The 11th USENIX Symposium on Operating Systems Design and Implementation (OSDI ’14) had an interesting presentation on “Simple Testing Can Prevent Most Critical Failures: An Analysis of Production Failures in Distributed Data-Intensive Systems”.
Below is the summary of the study:
- The study explores the reasons why distributed systems fail in production by analyzing the root causes of around 200 confirmed system failures.
- The failures were reported against open-source projects that are used to implement distributed systems, including Cassandra, HBase, HadoopDistributed File System (HDFS), Hadoop MapReduce, and Redis.
- The key takeaways are:
- 92% of the catastrophic system failures are the result of incorrect handling of non-fatal errors explicitly signaled in software.
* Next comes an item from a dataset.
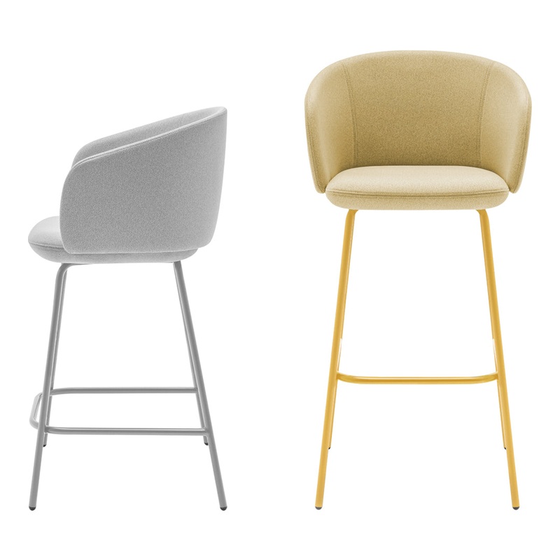 With the onset of popularity in bars and restaurants at the dawn of the XX century, high stools have consistently stormed their way into office canteens and residential interiors. Typically high stools feature a narrow and simplistic design, yet Grace takes on a different approach. The fully upholstered backrest integrated with armrests and the seat embrace the user providing superb comfort. Grace invites to take a seat for longer. Elegant framework, in two heights, ensures balance and stability, while the abundance of configuration options allows for great adaptability. Grace offers an armchair experience in a high stool edition.
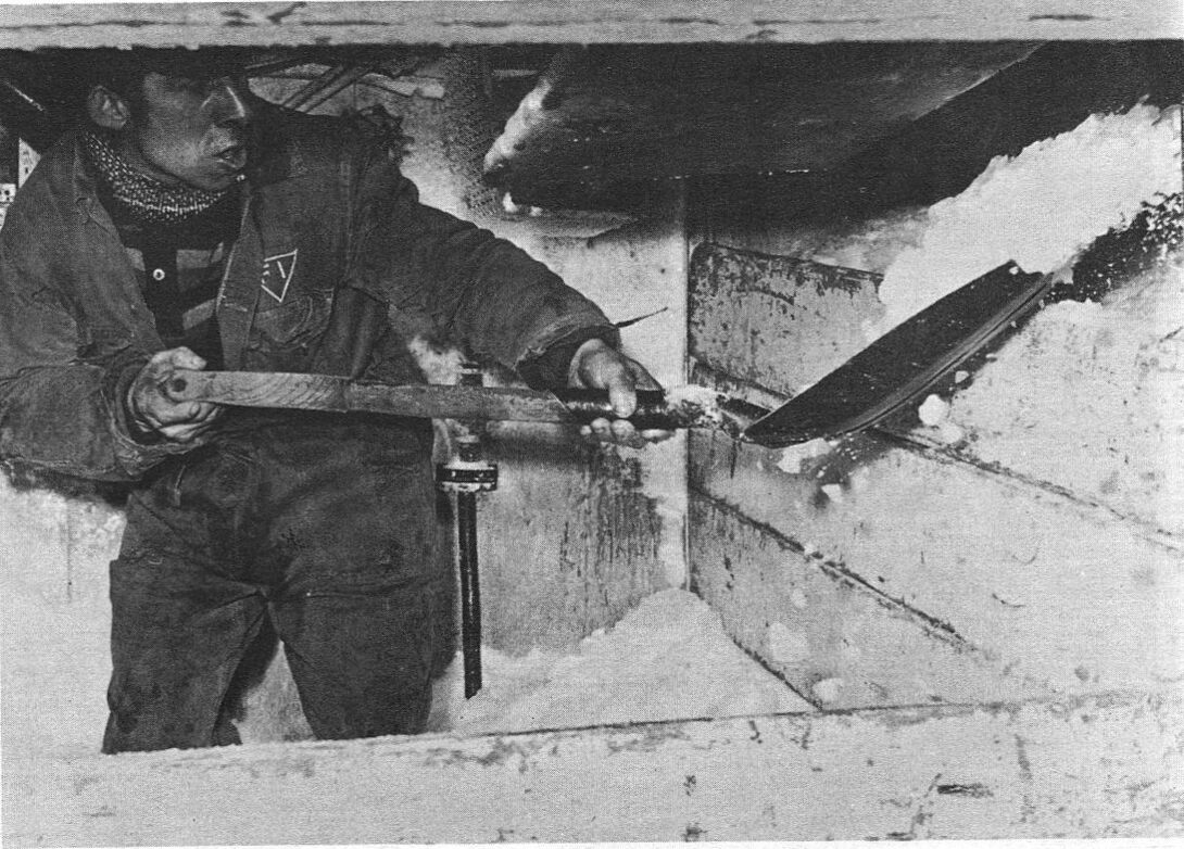 Het vissersvaartuig wordt bevoorraad met ijs, dat in het ruim in afzonderlijke vakken wordt bewaard. - Map 023 A-50

- In 58% of the catastrophic failures, the underlying faults could easily have been detected through simple testing of error handling code.
- A majority (77%) of the failures require more than one input event to manifest, but most of the failures (90%) require no more than 3.
- For a majority (84%) of the failures, all of their triggering events are logged.
- More focus on writing and validating error handling code.
- Run integration tests with a small number of nodes.
- Examine your application logs to diagnose failures.
Here is a link to the full paper: (Link)
- The authors developed a tool called Aspirator. It is a tool that checks for trivial bug patterns in exception handlers for Java or JVM compatible programs.